Restate word for word the opening line of the data below and every line after it until the line with "Geomagnetic storms in Lisbon on Apr 07, 2000", that line too, but not the pictures.

[Stored items]
*** Block opens ***

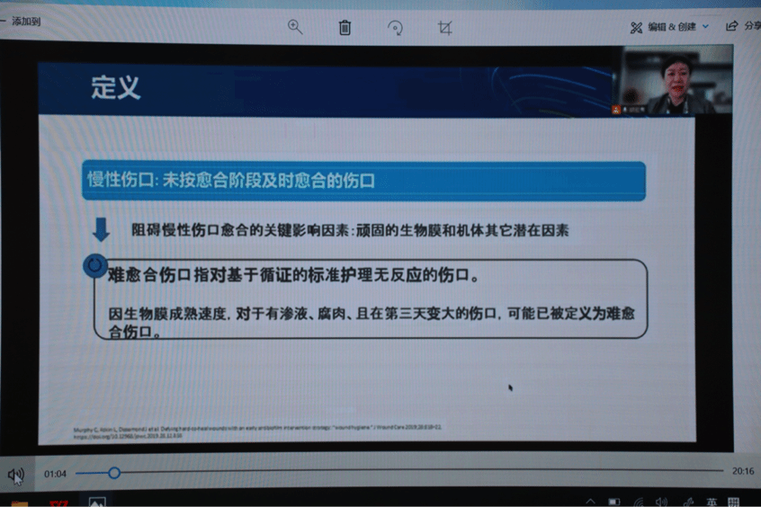 浙江大学医群交 附属邵逸夫医院造口伤口专科护士长胡宏鸯通过线上视频做题为 《难愈合伤口生物膜干预策略:伤口卫生》的专题讲座。她对细菌生物膜定义的阐述让大家对难愈合伤口护理有了新的认识,意识到有规律、经常性进行伤口卫生是十分重要的,伤口卫生是伤口护理的基础,生物膜管理要与疾病管理同步进行,实施伤口卫生步骤所需的技能、材料和时间性价比高,可促进有效伤口愈合,降低社会医疗负担,减轻患者社会心理影响。
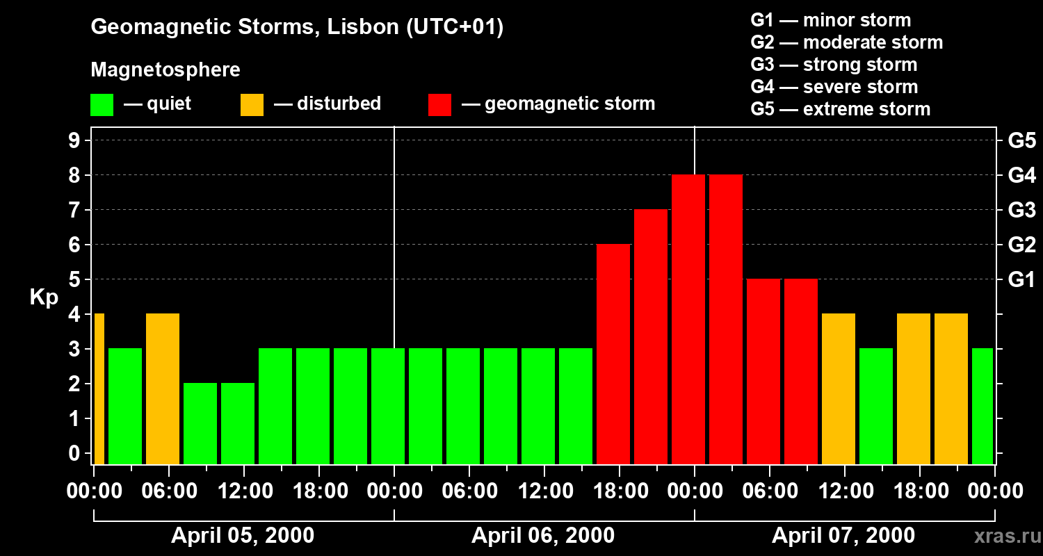 Geomagnetic storms in Lisbon on Apr 07, 2000
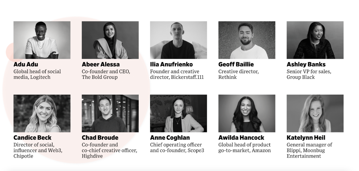 Список “40 до 40” відзначає найбільш обдарованих представників індустрії, включаючи геніїв програмування, майстрів Web3, ініціаторів нових бізнесів, та підприємців, а також високопрофесійних фахівців в маркетингу та рекламі. У попередні роки титул найкращих від AdAge мали Девід Огілві (його ще називають “батьком реклами), Елвін Ахенбаум (засновник Інституту маркетингу), Білл Бекер (найвідоміший маркетолог “Кока-коли) — люди, що “рухали індустрію” вперед.
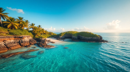 A tropical island surrounded by turquoise waters and palm trees
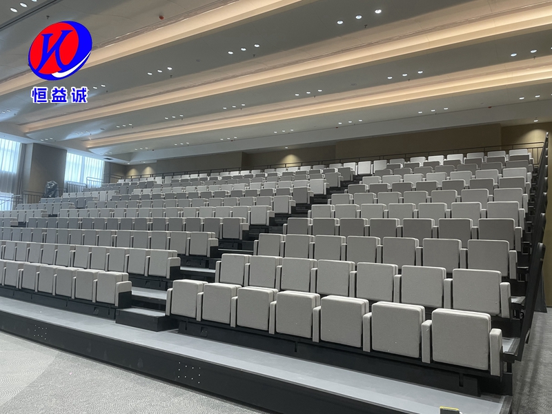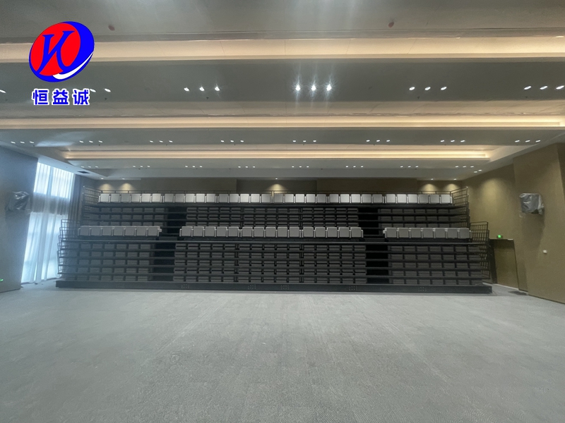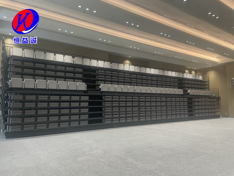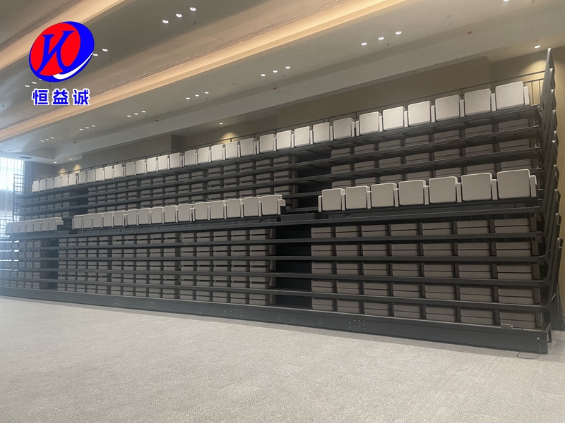 -行走机构:电动伸缩看台行走机构配有机械反馈式同步机构,能有效控制看台在伸缩过程中的定向跑偏现象,行走轮采用双轴承聚氨酯轮,具有能承受重压、不磨损地板、不开裂、滚动顺畅等特点。
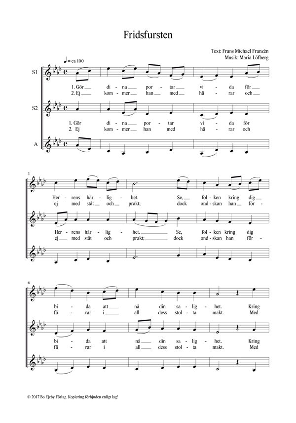 ”Gör dina portar vida för Herrens härlighet …” Motett för trestämmig damkör av kyrkomusikern och tonsättaren Maria Löfberg, verksam i Falkenberg.

*** Block closes ***

| Result for this task |
 浙江大学医群交 附属邵逸夫医院造口伤口专科护士长胡宏鸯通过线上视频做题为 《难愈合伤口生物膜干预策略:伤口卫生》的专题讲座。她对细菌生物膜定义的阐述让大家对难愈合伤口护理有了新的认识,意识到有规律、经常性进行伤口卫生是十分重要的,伤口卫生是伤口护理的基础,生物膜管理要与疾病管理同步进行,实施伤口卫生步骤所需的技能、材料和时间性价比高,可促进有效伤口愈合,降低社会医疗负担,减轻患者社会心理影响。
 Geomagnetic storms in Lisbon on Apr 07, 2000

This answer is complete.